**Assigned task**
Please write out all of the data below exactly, without including the pictures.

**Given information**

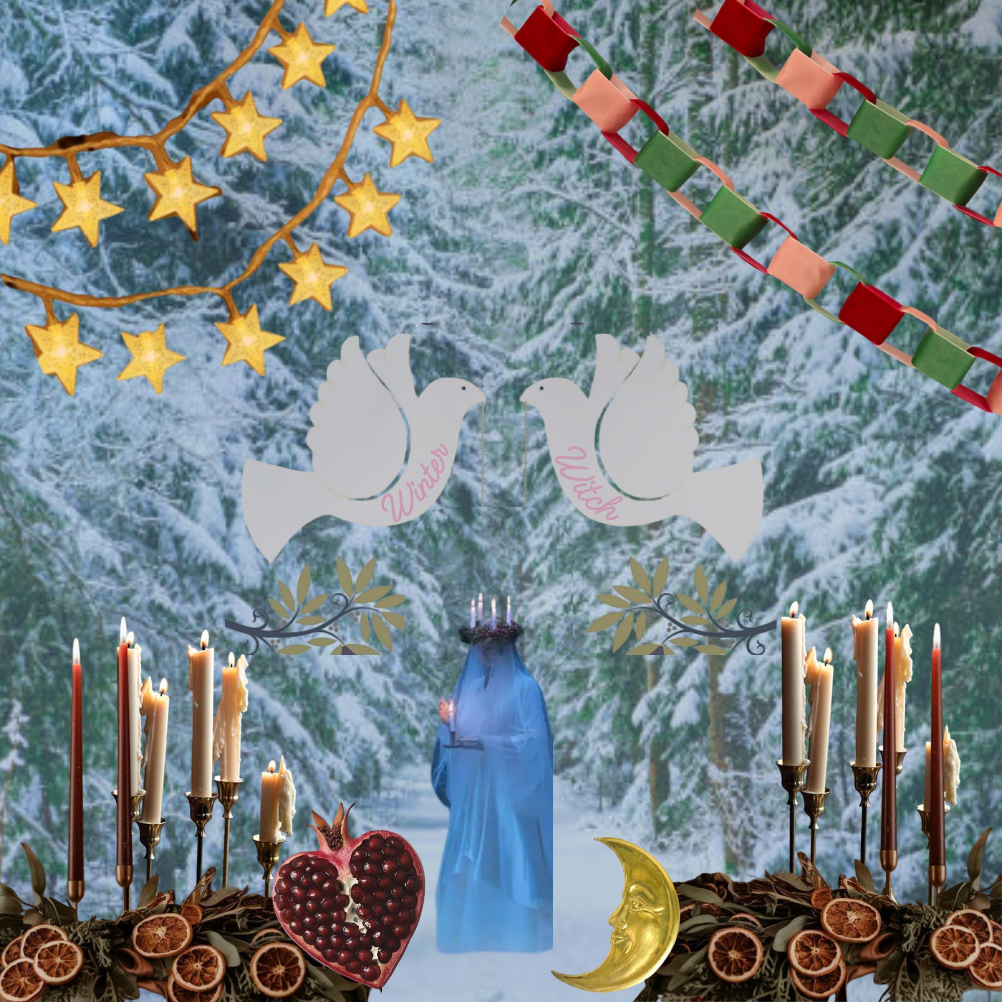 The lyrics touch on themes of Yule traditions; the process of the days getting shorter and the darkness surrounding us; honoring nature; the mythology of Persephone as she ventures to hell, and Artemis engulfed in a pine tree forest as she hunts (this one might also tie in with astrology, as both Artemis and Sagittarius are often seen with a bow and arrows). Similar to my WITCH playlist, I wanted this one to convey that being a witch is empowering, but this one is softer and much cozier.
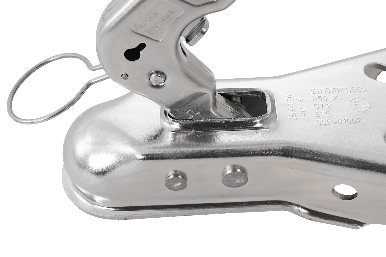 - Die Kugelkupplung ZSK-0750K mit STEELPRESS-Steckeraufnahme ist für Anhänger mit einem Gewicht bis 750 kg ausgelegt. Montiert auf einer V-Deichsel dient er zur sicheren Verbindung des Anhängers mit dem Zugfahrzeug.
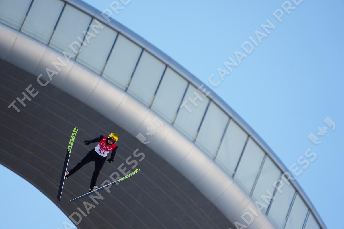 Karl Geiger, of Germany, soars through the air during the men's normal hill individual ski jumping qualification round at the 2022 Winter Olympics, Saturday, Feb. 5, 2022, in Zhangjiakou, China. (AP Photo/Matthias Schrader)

**Exercise output**
 The lyrics touch on themes of Yule traditions; the process of the days getting shorter and the darkness surrounding us; honoring nature; the mythology of Persephone as she ventures to hell, and Artemis engulfed in a pine tree forest as she hunts (this one might also tie in with astrology, as both Artemis and Sagittarius are often seen with a bow and arrows). Similar to my WITCH playlist, I wanted this one to convey that being a witch is empowering, but this one is softer and much cozier.
 - Die Kugelkupplung ZSK-0750K mit STEELPRESS-Steckeraufnahme ist für Anhänger mit einem Gewicht bis 750 kg ausgelegt. Montiert auf einer V-Deichsel dient er zur sicheren Verbindung des Anhängers mit dem Zugfahrzeug.
 Karl Geiger, of Germany, soars through the air during the men's normal hill individual ski jumping qualification round at the 2022 Winter Olympics, Saturday, Feb. 5, 2022, in Zhangjiakou, China. (AP Photo/Matthias Schrader)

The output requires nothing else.